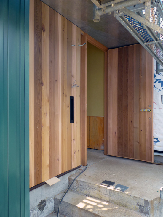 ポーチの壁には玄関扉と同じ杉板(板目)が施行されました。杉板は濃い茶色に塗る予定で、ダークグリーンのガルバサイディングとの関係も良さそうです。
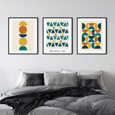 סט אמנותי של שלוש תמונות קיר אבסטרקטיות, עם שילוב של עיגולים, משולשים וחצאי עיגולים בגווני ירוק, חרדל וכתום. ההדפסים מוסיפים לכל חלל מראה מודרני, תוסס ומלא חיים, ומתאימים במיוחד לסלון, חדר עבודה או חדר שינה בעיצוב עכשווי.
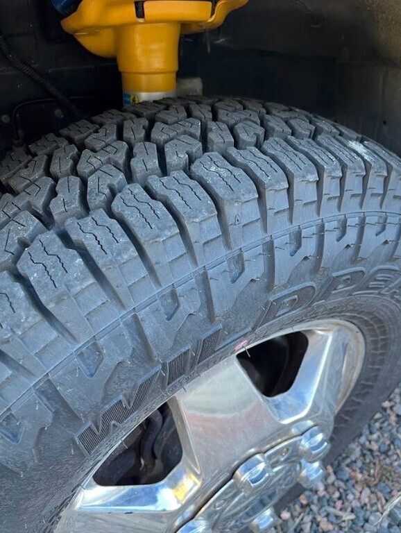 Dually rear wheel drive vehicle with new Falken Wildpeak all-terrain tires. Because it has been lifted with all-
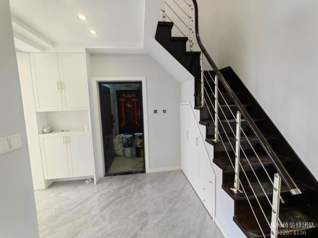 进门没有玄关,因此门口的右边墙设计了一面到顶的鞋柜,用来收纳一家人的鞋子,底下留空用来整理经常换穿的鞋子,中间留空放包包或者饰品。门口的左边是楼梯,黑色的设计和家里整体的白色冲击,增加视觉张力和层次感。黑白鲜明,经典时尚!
---
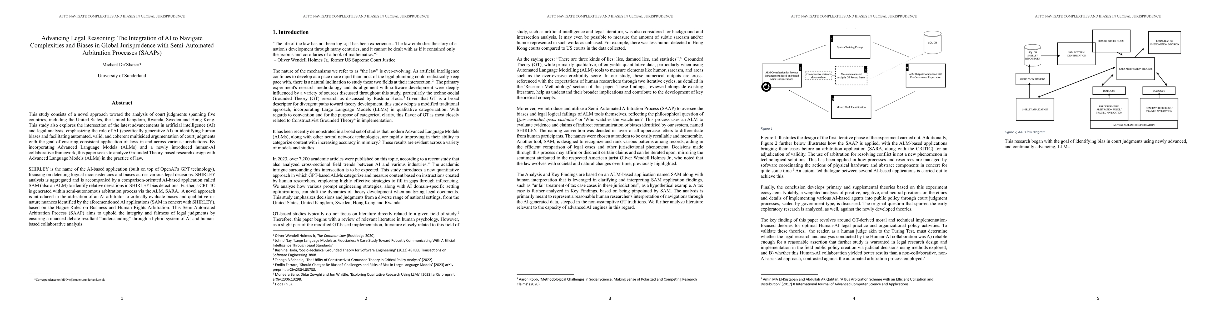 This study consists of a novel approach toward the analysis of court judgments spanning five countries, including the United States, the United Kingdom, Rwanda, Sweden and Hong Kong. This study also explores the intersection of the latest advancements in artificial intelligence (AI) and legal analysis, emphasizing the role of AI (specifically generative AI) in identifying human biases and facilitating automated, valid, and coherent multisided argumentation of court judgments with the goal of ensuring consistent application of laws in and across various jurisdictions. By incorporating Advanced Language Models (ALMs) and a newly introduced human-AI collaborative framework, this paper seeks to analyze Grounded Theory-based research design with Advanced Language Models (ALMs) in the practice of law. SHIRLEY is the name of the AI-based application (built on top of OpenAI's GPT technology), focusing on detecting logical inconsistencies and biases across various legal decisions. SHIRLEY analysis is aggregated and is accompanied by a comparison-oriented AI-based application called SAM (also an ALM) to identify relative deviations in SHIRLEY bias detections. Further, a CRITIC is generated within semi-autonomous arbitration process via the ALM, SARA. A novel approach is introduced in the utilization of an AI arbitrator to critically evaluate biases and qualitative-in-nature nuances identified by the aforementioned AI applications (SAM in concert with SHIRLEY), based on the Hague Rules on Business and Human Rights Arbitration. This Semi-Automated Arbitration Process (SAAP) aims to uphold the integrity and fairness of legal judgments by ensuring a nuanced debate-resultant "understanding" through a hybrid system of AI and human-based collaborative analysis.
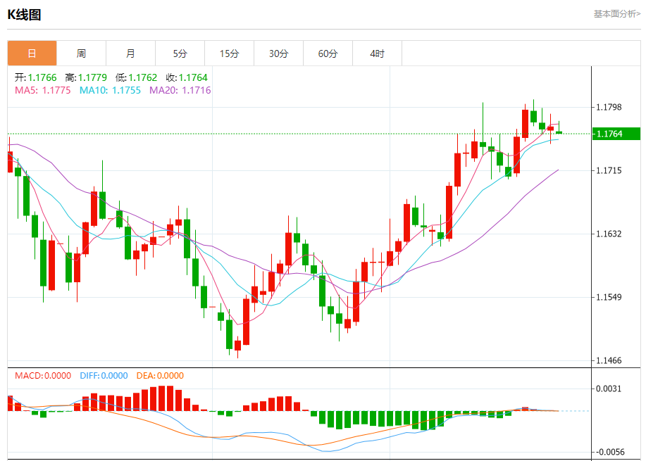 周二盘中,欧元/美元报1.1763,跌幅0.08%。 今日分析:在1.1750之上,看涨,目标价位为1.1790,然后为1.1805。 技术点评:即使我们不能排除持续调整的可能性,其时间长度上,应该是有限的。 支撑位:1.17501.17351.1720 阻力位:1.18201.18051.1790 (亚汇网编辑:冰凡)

TASK PROMPT>
Beginning with the line that contains "סט אמנותי של" and ending with the line that contains "进门没有玄关,因此门口的右边", reproduce the listing exactly, pictures excluded.

EXPECTED OUTPUT>
 סט אמנותי של שלוש תמונות קיר אבסטרקטיות, עם שילוב של עיגולים, משולשים וחצאי עיגולים בגווני ירוק, חרדל וכתום. ההדפסים מוסיפים לכל חלל מראה מודרני, תוסס ומלא חיים, ומתאימים במיוחד לסלון, חדר עבודה או חדר שינה בעיצוב עכשווי.
 Dually rear wheel drive vehicle with new Falken Wildpeak all-terrain tires. Because it has been lifted with all-
 进门没有玄关,因此门口的右边墙设计了一面到顶的鞋柜,用来收纳一家人的鞋子,底下留空用来整理经常换穿的鞋子,中间留空放包包或者饰品。门口的左边是楼梯,黑色的设计和家里整体的白色冲击,增加视觉张力和层次感。黑白鲜明,经典时尚!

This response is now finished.